I have spent total of 12 months in Ethiopia. I am definitely not fluent in Amarigna but I know a little.
I can't say for sure that you are wrong, but I have never heard the word "dinat" or "dinesh" as thank you. People say "amesegenalu" or as a formal way you can say "igziabher yistilign ina amesegenalu" which means "god give to you and I give you my thanks".
Ibakh means please to a male, Ibaksh means please to a female, Ibakho means please to a group of people.
The word wat and wet is the same word, it is pronounced closer to "wot". It means a sauce or basically the food you put on top of the injera.
Kai wot is a red lentil sauce. Msr wot is another lentil sauce. Shiro is another wot made of powdered garbanzo beans. Tegebino is a special kind of shiro which if you are lucky is made really thick. Restaurants in Shashemene will always make it thick, but in Addis Abeba usually not.
Msr means lentils
Ros means rice
Dabo means bread
Dinich means potato
Tomatim means tomato
Kaisr means beetroot
Karia means spicy pepper like a jalepeno or chili pepper
Shinkult means onion
Natchshinkult means garlic
Atklt means vegetables
Frafre means fruit
Suquar means sugar
Chow means salt
Ananas means pineapple
Muz means banana
Salat means lettuce that is eaten raw, like leafy greens
Gomen means greens that are usually eaten cooked
Habesha gomen means specifically collard greens
(Habesha means local to Ethiopia, it can be used to describe anything from people to clothing to food, and more).
Injera is the flat bread. Teff is the grain itself which is used in making the bread. The only ingredients in traditional injera are teff and water. Sometimes people make it now with teff and corn "maiz", or wheat "sindy".
Berbere is not simply "spice". It is a specific blend of spices. Mitmita with an emphasis of the T sound is another specific (more spicy) blend of spices.
Bekah? means Enough? to a male. Bekash? to a female. Bekaign means enough for me.
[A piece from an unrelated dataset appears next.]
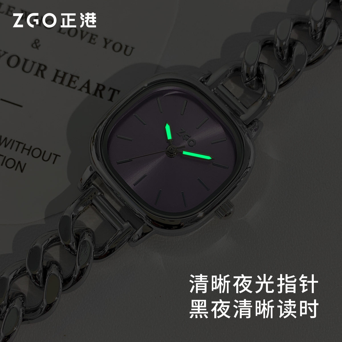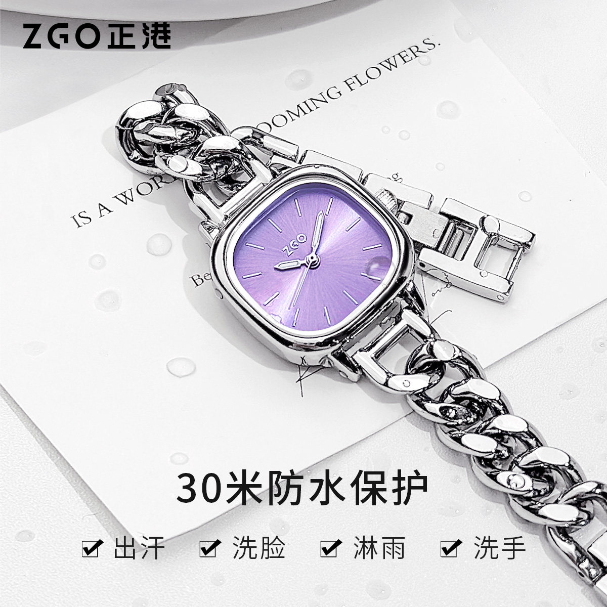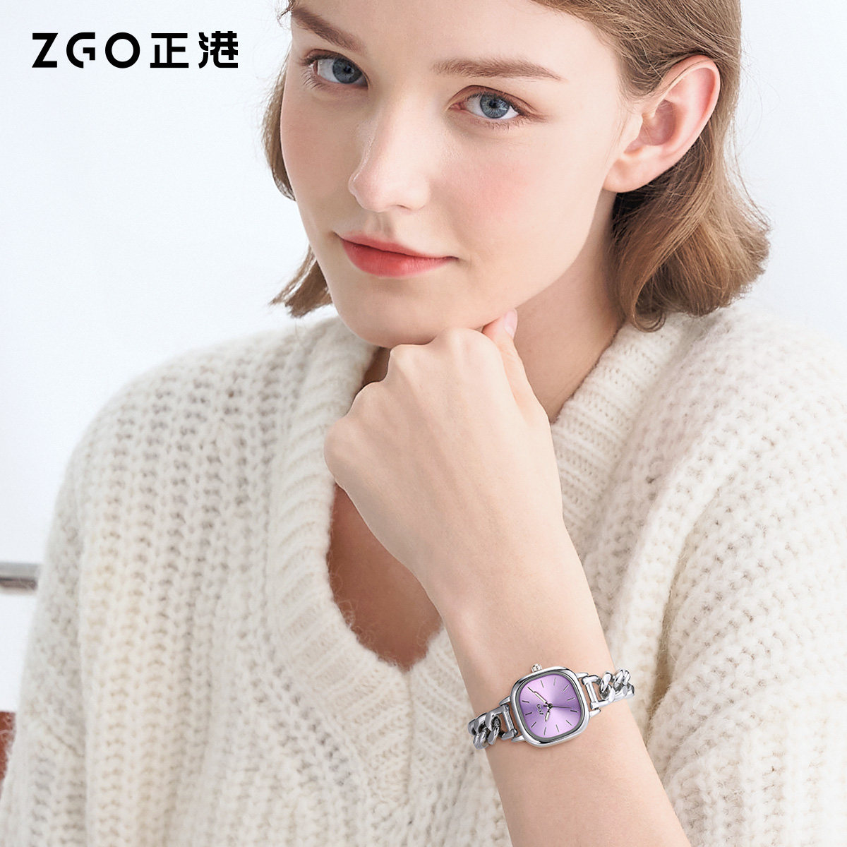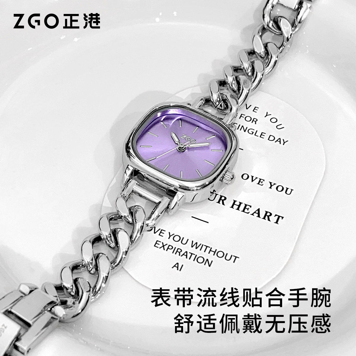 正港ZGO紫色手表女款轻奢小众女士腕表生日礼物新年礼盒女生闺蜜

Tafach with an emphasis on the T sound and the ch sound means sweet or tasty. It can be used to say the food is tasty, even if it is a spicy dish. Tafach nu, it is tasty. Tafach nebur, it was tasty. If you don't emphasize the T and Ch enough, some people might think you said Tefash, which means "I have missed you" to a female.
Arif is an arabic word meaning Good, it is used a lot in Ethiopia also.
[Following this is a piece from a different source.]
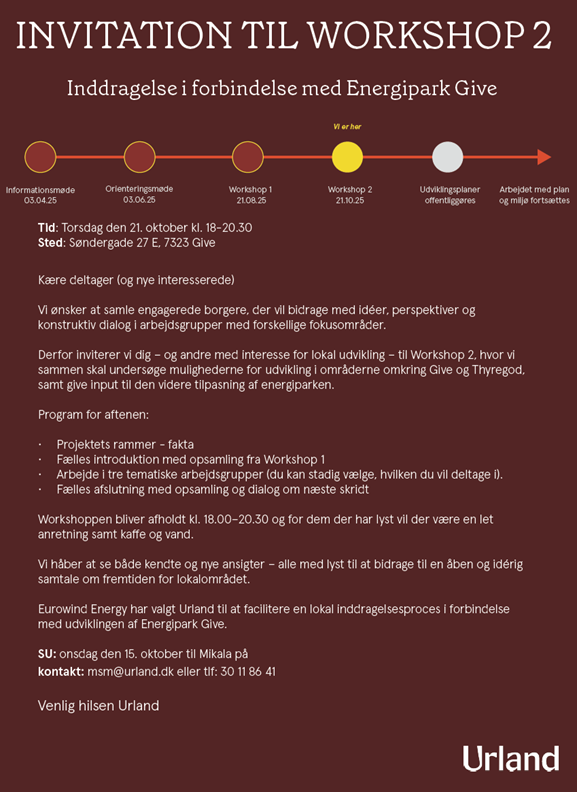 I forbindelse med Energipark Give inviterer Urland til Workshop 2 i processen omkring lokal indragelse.

Wasai means amazing. Wasai nebur, it was amazing. The waitor will be really happy if you tell him this.
Selam means Peace. It can be used as a greeting yes. Selam nu? is a question which is asking the person, Is there peace? It can be asked to a male or female. It is very often used in the ritual greetings, in which several questions are asked back and forth, the end result usually being "Igziabher yimmesgan" Give thankhs to god. Selamta means Greetings. Selam nesh? is asking to a female, are you peaceful? Selam neh? is the same question to a male. Selam nachu? is the same question to group of people. Deyna nesh? is asking a female, are you fine? Deyna neh? is the same question to a male. Indemn neh/nesh? is a question asking How are you? Indemn nachu? same question to a group. Indemn newot? is the same question to an elder.
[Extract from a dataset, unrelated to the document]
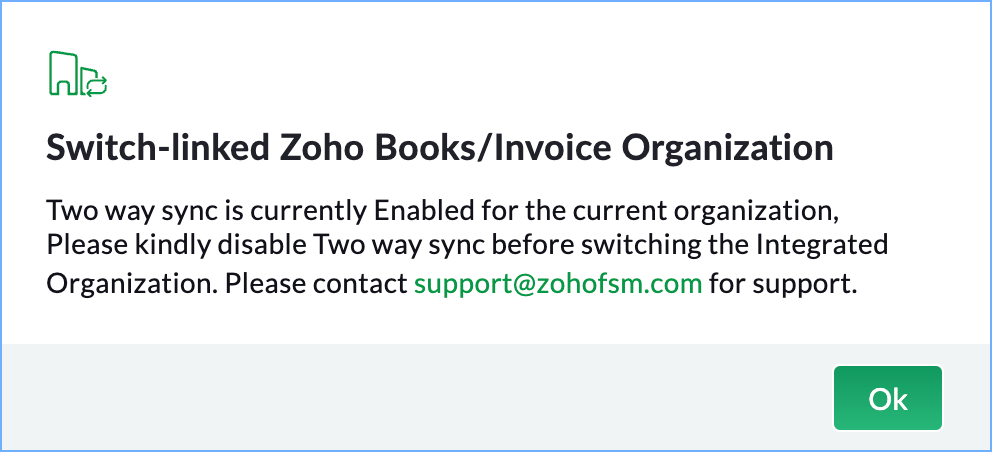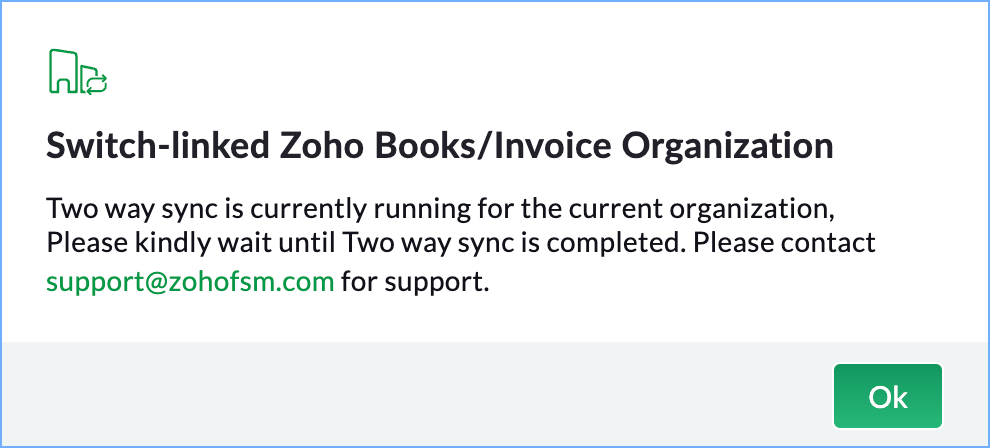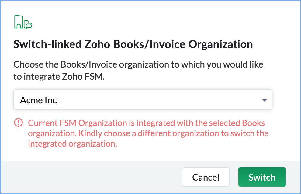 You will be unable to perform the organization switch if the two-way data sync between the Zoho FSM organization and the Zoho Books/Invoice organization is in progress. Try performing the switch once the two-way sync is completed.

Selam negn or Deyna negn is the answer, I am peaceful, or I am fine.
I don't know what medhane means. But Alem means the world.
Aleh means there is. So if you want to ask "is there meat?" You ask "siga aleh?" Yelem means there is not. So if there is no meat, the answer would be "siga yelem." If you want to ask for something without meat, "Yele siga". Without sugar, "Yele suquar". With sugar, "b' suquar". With salt, "b' chow". Aleh can also be used for a person. If you are looking for your friend Berket and you go to his house, you will ask "Berket aleh?" Someone will answer you either aleh or yelem. He is here, or he isn't here.
Chmr means more. Chamri means put more. For example the lady is filling your coffee cup but she doesnt put enough. "Chamri ibaksh", put more please. Min ye chmr? means what else? Like if you are eating and your plate is almost empty, your host will ask you "min ye chmr?" and you might say "injera ina gomen chamri". Put more injera and greens.
Buna means coffee.
Shai means tea.
The only word I ever heard used for juice is Juice, I am not sure if there is another word for that, I imagine so.
Wuha means water.
Wetet means milk.
If you want coffee with milk, you say buna b' wetet. If you want coffee without sugar, "buna yele suquar". It used to be common to drink coffee with salt, buna b' chow. Now it is more common to have it with sugar. But you can always ask for salt instead. Tqr means black, the color. It can also refer to plain coffee with nothing in it. Tqr buna.
I hope that helps expand your vocabulary. I kept it mainly to food since that seemed to be your biggest interest.
I highly suggest learning to read the Amarigna fidel. It will help understand the language much better. To do this, it is easy to look up a youtube video of someone pronouncing each character. You can make flash cards equating the character to the sound you hear. That was an idea from someone on this forum (was it Jahcub? I think so) and it helped me a lot.